People with type 2 diabetes who do not achieve target glycated hemoglobin (HbA1c ≤7.0%) despite glucagon-like peptide-1 receptor agonist (GLP-1RA) therapy may require additional strategies to improve metabolic control. A prospective cohort study published in Advances in Therapy evaluated the effect of adding flash glucose monitoring to ongoing GLP-1RA therapy over 12 months.
The study enrolled 264 people with type 2 diabetes receiving stable GLP-1RA therapy who had not reached the HbA1c target. Participants were assigned to flash glucose monitoring plus GLP-1RA or GLP-1RA alone, matched by age and baseline HbA1c using a nearest-neighbor approach. After 12 months, mean HbA1c decreased by −0.58% (from 8.24% to 7.66%) in the flash monitoring group compared with −0.35% (from 8.32% to 7.97%) in the GLP-1RA-only group (p<0.001). Body weight decreased by −4.03 kg (from 83.97 to 79.95 kg) versus −2.29 kg (from 84.75 to 82.50 kg), respectively (p<0.001).

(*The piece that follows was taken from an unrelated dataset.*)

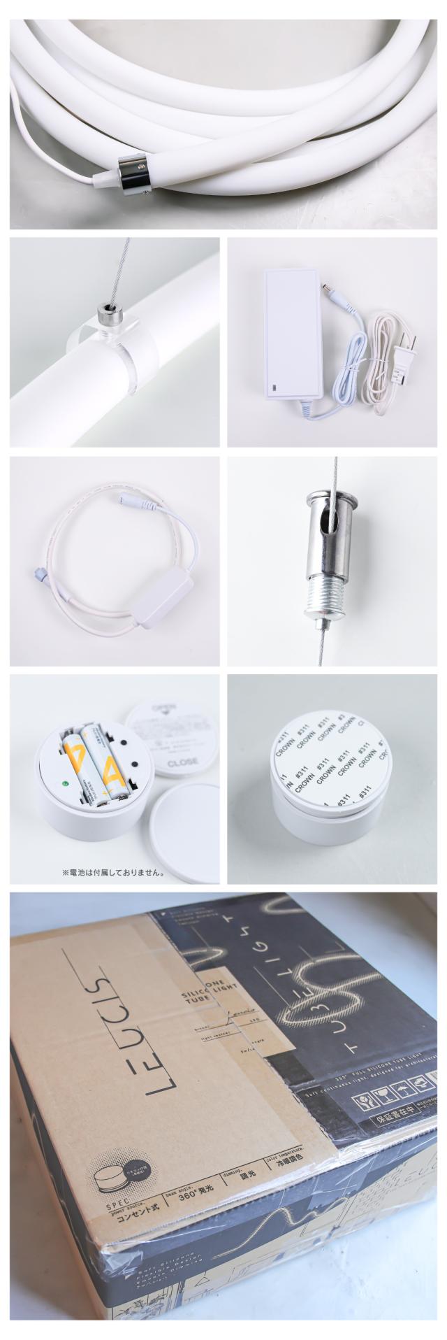 | セット内容 | LEDシリコンチューブライト×1、リモコン×1、リモコン受信ケーブル×1、ACアダプター×1、コンセントケーブル×1、吊り下げワイヤー×6、アジャスタースリーブ×7、ネジ×7、アンカー×7、取扱説明書兼保証書 ※リモコン用の乾電池は付属しておりません。別途単4形アルカリ乾電池2個をご準備ください。 |

Total cholesterol and triglycerides decreased significantly, and high-density lipoprotein cholesterol increased in the flash monitoring group, while changes were minimal in controls. Low-density lipoprotein cholesterol decreased within the flash monitoring group, although the between-group difference did not reach statistical significance. Mean time-in-range was 69.6%, with low hypoglycemia exposure and no signal for increased severe events or diabetes-related emergencies.
These findings describe greater improvements in glycemic and selected metabolic parameters over 12 months among individuals using flash glucose monitoring in addition to GLP-1RA therapy.